La Tunisie est entrée dans une phase démographique sans précédent. Selon les conclusions du recensement général de la population et de l’habitat 2024, publiées par l’INS en 2025, le pays connaît un vieillissement accéléré et une baisse historique de sa natalité. Près de 17 % de la population a désormais plus de 60 ans, un record, tandis que les mariages et les naissances sont en chute libre. Cette mutation profonde de la société tunisienne pose une question cruciale : comment le pays peut-il absorber un tel choc sans fragiliser son équilibre socio-économique ?
Une pyramide des âges modifiée
Les données de l’Institut National de la Statistique (INS) dessinent une Tunisie qui change de visage à un rythme inédit. L’augmentation de la part des seniors est spectaculaire, passant de 14 % il y a dix ans à 17 % aujourd’hui.
Dans le même temps, les fondements du renouvellement démographique s’effondrent :
- Le nombre de nouveaux-nés a chuté de 8 % par rapport à la décennie précédente.
- Le nombre de mariages annuels a diminué de près de 12 %, l’âge moyen au mariage progressant.
Cette réorganisation n’est pas uniforme. Elle est exacerbée par l’exode intérieur qui concentre les jeunes dans les grandes villes et laisse les régions de l’intérieur face à un vieillissement encore plus marqué. Ces chiffres traduisent un changement structurel bien au-delà des variations conjoncturelles.

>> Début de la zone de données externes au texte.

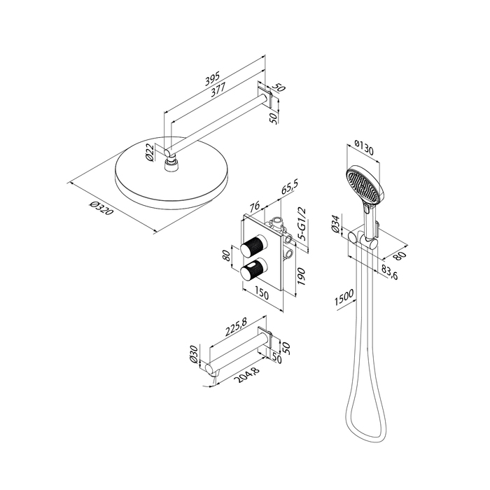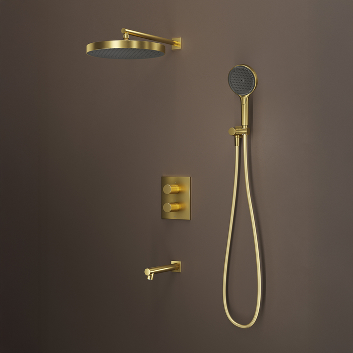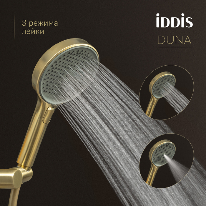 Душевая система Iddis Duna с тропическим ручным душем и изливом термостат матовое золото (DUNMGSTi68)
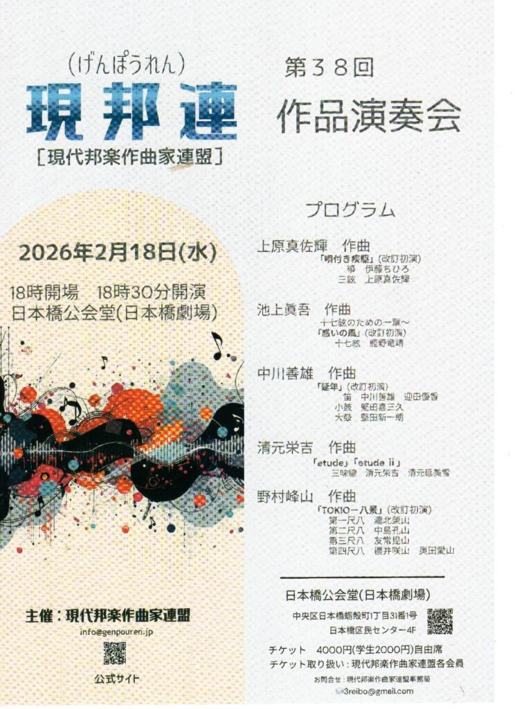 第38回現代邦楽作曲家連盟作品演奏会2026.2.18(水)
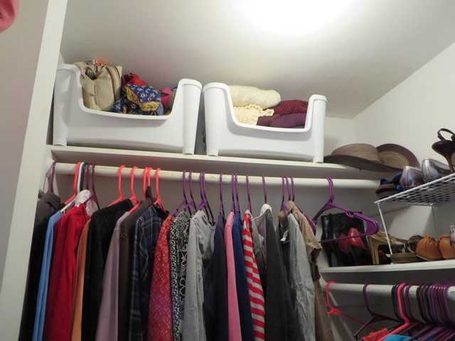 This young family moved into their first home and designated the dining room as a playroom for their toddler son. But after a few months that included a birthday and Christmas, the room began to feel like it was bordered with toys on the floor all around the room. To maximize the space, and to make room for a baby sister coming soon, we sorted, categorized and organized the space. Affordable shelving systems were purchased from Target, making it possible for alike items to be grouped in containers. The first picture shows the “building corner”. Blocks, duplos, and other car and building sets are stored here. Follow along the wall and there are more trucks, and a basket of small toys all ready for the play rug. This two year old already knows the balls go in one tote together, and there is another one for small figurines, and the last one has the “cell phones”, keys and other noisemaker toys. The puzzles are on the corner and can be played with on the floor or at the table in the corner. The table has handy access to the kitchen for future art activities that may need a quick trip to the sink! On the other side of the door to the kitchen is the dramatic play corner, where the kids can shop and cook up some great meals for their basket of stuffed toys! The flip out sofa bed from IKEA is flanked by two windows where parents can relax and enjoy snuggles with the kiddos. Tucked on the other side of the sofa is the baby corner — ready to be enjoyed as the new member of the family joins the fun. Even the baby toys have a container of rattlers and teethers, musical toys and soft toys. Next step? Strip the walls of the 80’s dining room wallpaper and get creative with the walls. What is your vote? Paint the paneling or leave it wood? Colors for the walls? Alphabet frieze? Chalkboard magnetic paint anywhere? Let’s hear your ideas! The great thing is the room has already been kid tested – played in and cleaned up quickly because every item has a home!
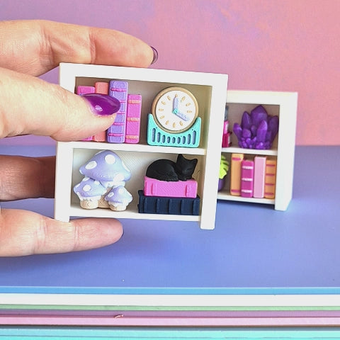 The Bookshelf is approx 6cm tall & 6.5cm wide.
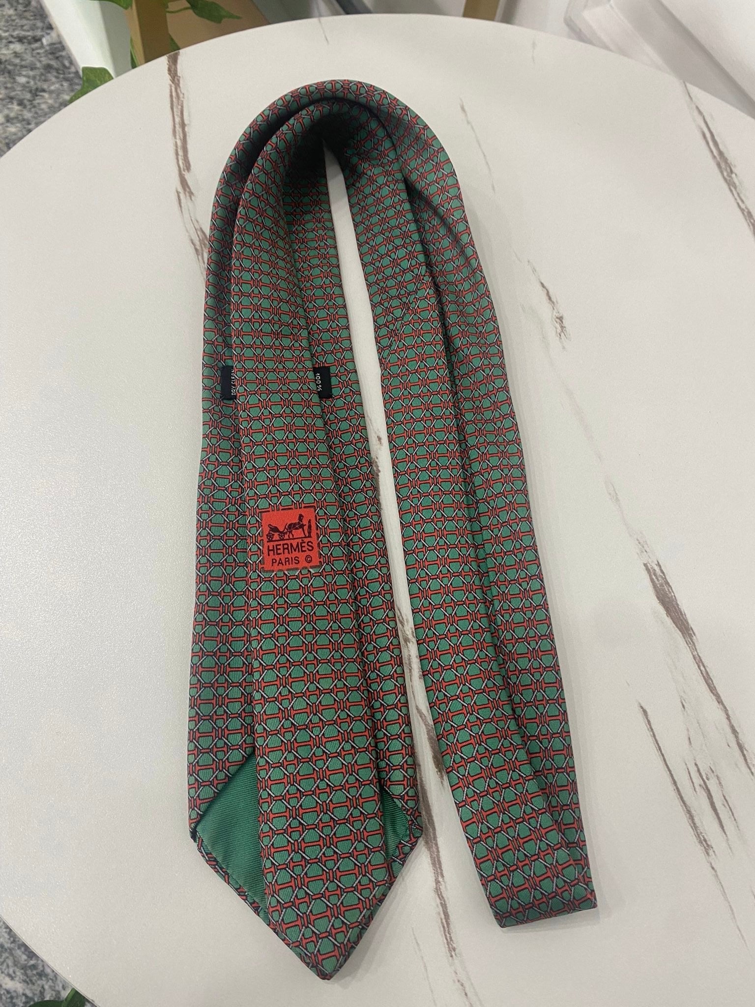 Cravatta Hermès Vintage in 100% seta ,caratterizzata da un distintivo motivo geometrico a griglia o quadrati.

Une réponse politique face à l’urgence
Face à la décrue des naissances, le gouvernement tunisien cherche activement à inverser la tendance. En juin 2025, le ministre de la Santé, Mustapha Ferjani, a insisté sur l’urgence d’établir une « stratégie nationale » claire. L’objectif est double : relancer la natalité et améliorer les indicateurs de croissance démographique, considérés comme vitaux pour l’équilibre socio-économique du pays.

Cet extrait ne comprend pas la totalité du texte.